A town planner needs, among other things, specific data to base his proposals in respect of the type and number of dwelling units in a locality or a town. For this purpose, it is essential to have a clear idea of the population structure and condition of existing housing and future housing trends pertaining to various income groups, together with a realistic picture of the economic situation. He has further to think in terms of social and geographic grouping of the dwelling units while preparing the layouts, and place such amenities and services as schools, clubs, shops, places of amusement, etc., at the disposal of the community. The data for provision of these amenities and services on the right scale has to be supplied by the sociologist.
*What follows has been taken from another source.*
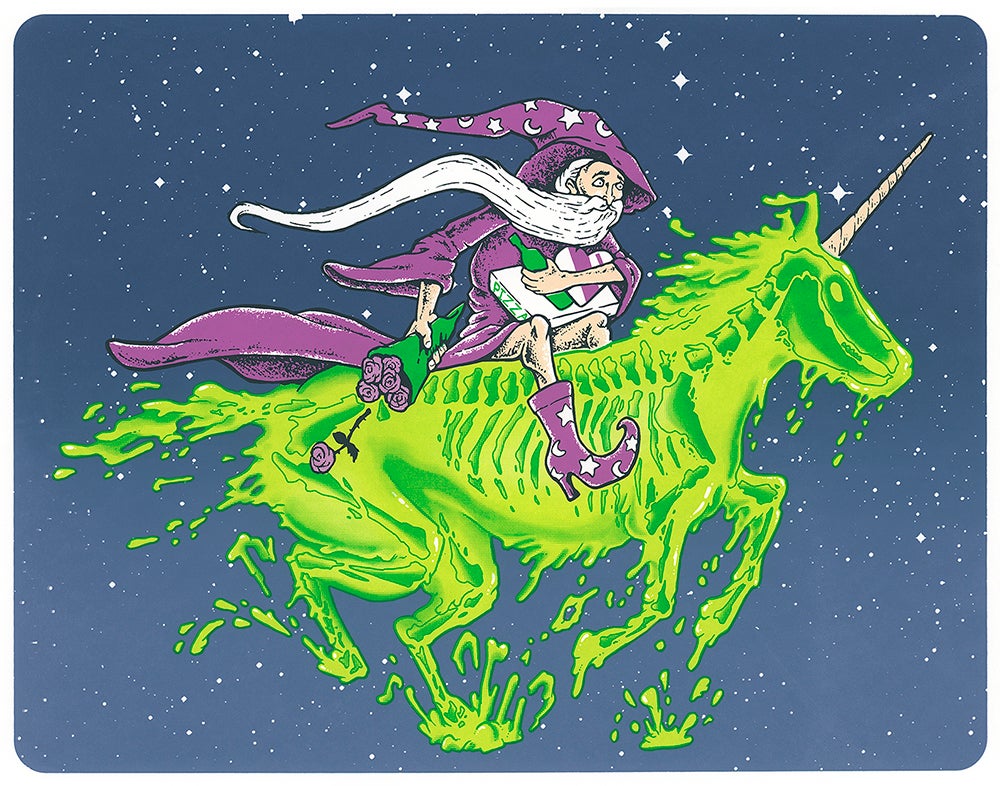 Our favorite Speedball products are the acrylic screen printing inks. We love bright, saturated colors and the Speedball ink is the perfect product for that. It suits our process because it doesn’t dry in the screen while we are registering or dealing with a mid-run problem. We keep a small spray bottle of water to rehydrate the ink and screen surface occasionally. We love mixing in the transparency base to try and achieve bonus colors in a design using color overlays. Some of our favorite colors include the Peacock Blue, as well as the process and fluorescent colors.

Information regarding population structure and trends is not generally available in all details from the census reports. For instance, these reports do not give any idea of the accommodation in use by families, and whether the occupation of the same is voluntary or compulsory. I.e. dictated by circumstances. In the former case, people live together because they are members of a family. In the latter case they do so by force of circumstances such as economic difficulties or shortage of accommodation. Information on such matters is of vital importance to the planner to arrive at the volume of new housing required. If his proposals are not based on factual data, they are likely to be unrealistic and, as a rule, fall short of requirements

Further, the actual volume of housing required cannot be correctly determined by collecting only the above-mentioned data. Population characteristics and trends have also to be ascertained. These are not easy to be understood on the basis of birth and death rates alone, because people leave as well as come to a particular town or a locality due to economic and various other considerations, which are largely dependent on the prosperity or otherwise of the town. The state and national plans, which allocate industrial undertakings in the various parts of the country, also play their part in this respect. Only when such information is readily available, the future needs can be forecast with reasonable accuracy and provision therefore can be made in the planning proposals.
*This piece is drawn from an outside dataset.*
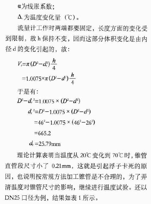 將上述結(jié)論加以推廣,應(yīng)用于耐腐型浮子流量計的所有口徑,結(jié)果是令人滿意的,產(chǎn)品質(zhì)量完全滿足用戶的現(xiàn)場條件,產(chǎn)品性能優(yōu)良。所以說“合理的工藝過程是產(chǎn)品性能的保證”。

A further consideration while formulating housing proposals pertains to population trends of different localities, which relates to moving out elsewhere due to increase in the size of the family. Children grow up, get married and raise families of their own. Conversely, daughters get married and leave the parental households. This sometimes results in diminution of the family size. When people leave the parental households as a result of growth in the size of the family it is essential to know how far away they are prepared to shift and with what frequency. This kind of data is not easy to collect, but unless it is made available, it is difficult for the majority of households and only the affluent people can afford to find additional accommodation near their previous dwelling units. In many cases, such people shift to better but distant localities where the environment is pleasant and more congenial.

When towns are in the process of replanning or redevelopment, it is essential to ensure that services like schools, clinics, shops and cultural institutions are provided in proper relationship with residential accommodation. It is also desirable to keep the size of development within reasonable limits, because bigness lacks intimacy and social relationship among people. It is to avoid situations like these that the concept of the neighbourhood unit has come into existence.